SNSW Market Update 26/07/2019

Matthew Noonan, Account Manager Southern NSW

3 minute read

Crop conditions in the Southern third of NSW are looking good and fingers crossed they can maintain their current potential. The current fortnight’s forecast isn’t overly positive at a time when we will start to see temperatures possibly warm up and crops advance further drawing on moisture reserves. There is cautious optimism around how good things are looking at the moment, but many are commenting that moisture levels in the majority of areas isn’t full. So, to maintain a decent season we need to get at least 60-100% of our average monthly rainfall over August, September and October.

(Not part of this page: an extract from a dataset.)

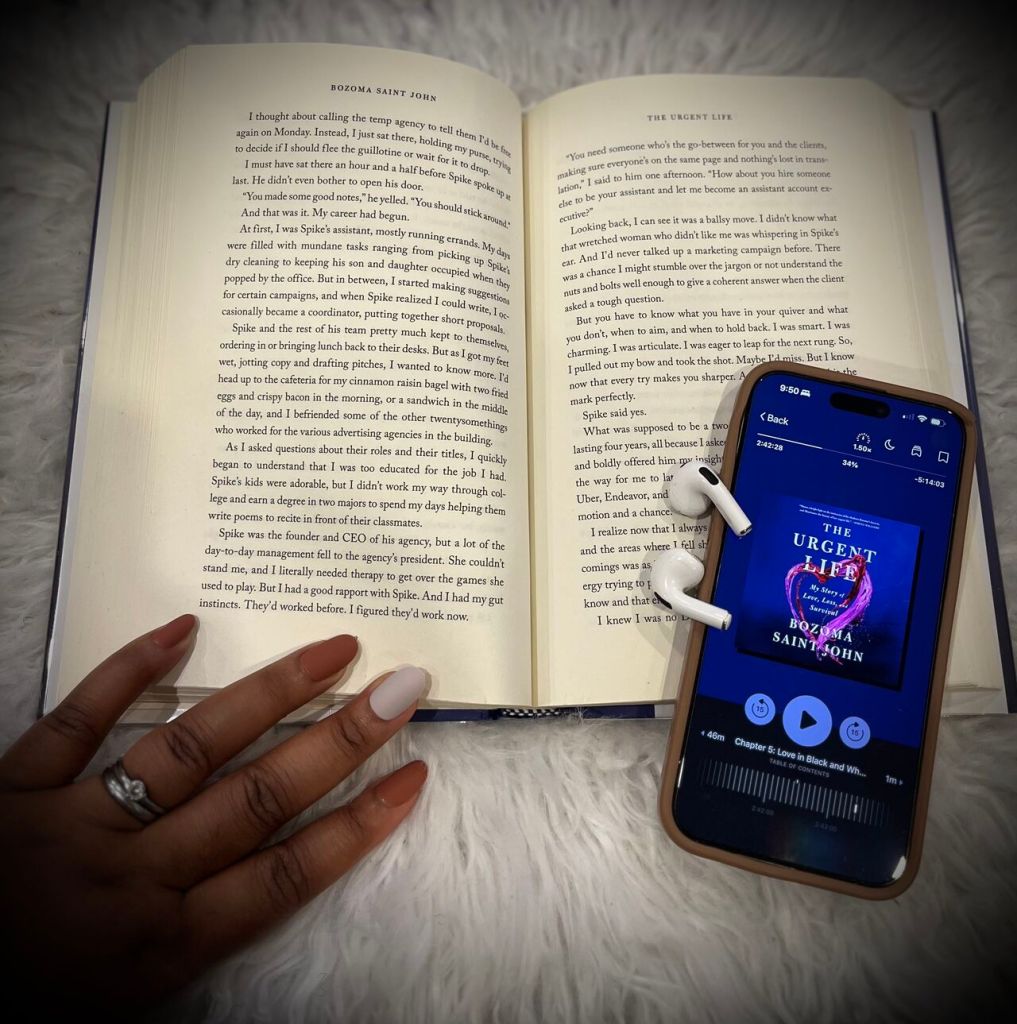 Let’s start with the color of the book itself Purple. One of my favorite colors that symbolizes royalty, strength, wisdom, and bravery, qualities that resonate deeply with Bozoma’s story. After completing the physical book, I felt a strong urge to listen to the audiobook as well. Considering the message this book carries, there is something deeply powerful about hearing the author tell her own story and reflect on the lessons she has drawn from her life. Listening to Bozoma narrate her experiences makes the journey feel personal, as though she is speaking directly to you.

Old crop wheat values have levelled out after the recent dip. There are still some sellers out there with supplies mostly onfarm. The increased activity looks to have been the cause of a drop in values. Consumers took more cover during this time and we could be looking at one (maybe two) more opportunities where gaps might exist in demand between now and new crop. One positive for pricing on both old and new crop, is with the recent lighter rainfall totals and a dry forecast for the next two to three weeks, southern NSW crops are at a cross roads with regards to production, putting some heat under new crop bids. Port Kembla track is now sitting closer to $360/MT or above.

There is limited change on the barley front. We’re still seeing light demand causing values over the past few weeks to fall away. New crop is working similar to wheat in that it’s firmed up to around $295-300/MT, this is also likely from the current forecast and lack of liquidity. The main hope for barley into 2020 is that if it maintains its spread of $30-40/MT under feed wheat values it will wrestle back some demand throughout the east coast.

As per previous reports, old crop canola is done from the consumers point of view with a lack of demand and current better prospects on new crop condition through much of VIC and southern NSW. Like wheat and barley there is a consistent lack of willing sellers on new crop, so prices have edged higher over the past week. This firmness will likely maintain until new crop is just about to come off and sellers start coming to the table.


Pictured: Good looking crop between Narrandera and Wagga Wagga.

Prices as at 25th July

* View of current market pricing. Does not represent current Agfarm bids.